Queensland Heritage Register
- Official name: Atherton War Cemetery
- Type: state heritage (built)
- Designated: 19 November 2010
- Reference no.: 602765

= Atherton War Cemetery =

Atherton War Cemetery is a heritage-listed cemetery at the corner of Kennedy Highway and Rockley Road, Atherton, Tablelands Region, Queensland, Australia. It was built in 1942. It was added to the Queensland Heritage Register on 19 November 2010.

== History ==
The Atherton War Cemetery established in 1942, is situated within the Atherton Cemetery Reserve on the Kennedy Highway on the outskirts of Atherton. It contains a Cross of Sacrifice and 164 graves and headstones for soldiers and airmen killed during World War II. The Atherton War Cemetery is an example of the way in which the Imperial War Graves Commission's design principles, which were developed and implemented after World War I, were applied in a region that is significant for its World War II history and associations.

=== Commonwealth War Graves ===
The Imperial War Graves Commission (which became the Commonwealth War Graves Commission in 1960) was established in Britain by Royal Charter on 21 May 1917. The Commission's founder and vice chairman, Sir Fabian Ware, had submitted a memorandum to the 1917 Imperial War Conference outlining his concern for the upkeep of graves and sites of commemoration. During the conflict, Ware had used his mobile British Red Cross Unit to register and care for graves, and had received countless requests from bereaved families for information regarding their loved ones.

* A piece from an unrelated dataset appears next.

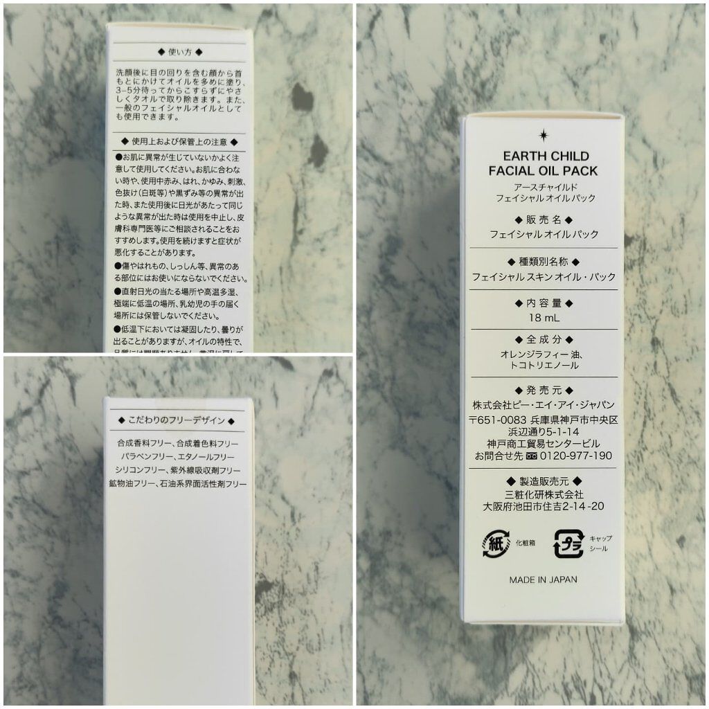 商品詳細情報EARTHCHILD フェイシャル オイル パック

Once the Commission was formed, it resolved to create lasting memorials to those who lost their lives in battle and those families who had lost their loved ones.

To fulfil this aim, the Commission engaged eminent British architects to design the cemeteries and memorials. Sir Edwin Lutyens, Sir Herbert Baker and Sir Reginald Blomfield were the first three principal architects of the Commission and the Director of the British Museum, Sir Frederic Kenyon, drew their recommendations into a set of key principles regarding the development and management of the cemeteries. These principles determined that each of the dead should be commemorated by name on the headstone or memorial; headstones and memorials should be permanent; headstones should be uniform; and there should be no distinction made on account of military or civil rank, race or creed.

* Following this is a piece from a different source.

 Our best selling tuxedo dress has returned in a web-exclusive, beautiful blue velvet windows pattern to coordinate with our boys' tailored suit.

The principles were then applied to three experimental cemeteries at Le Treport, Louvencourt and Forceville in France. Of these, the last was considered the most successful. In consultation with renowned garden designer Gertrude Jekyll, a walled cemetery was built there with rows of uniform headstones set in narrow garden beds within a lawn in a symmetrical layout with a centre aisle between Blomfield's Cross of Sacrifice on the western boundary and Lutyens' Stone of Remembrance on the eastern boundary. After some adjustments, Forceville became the template for the Commission's building program.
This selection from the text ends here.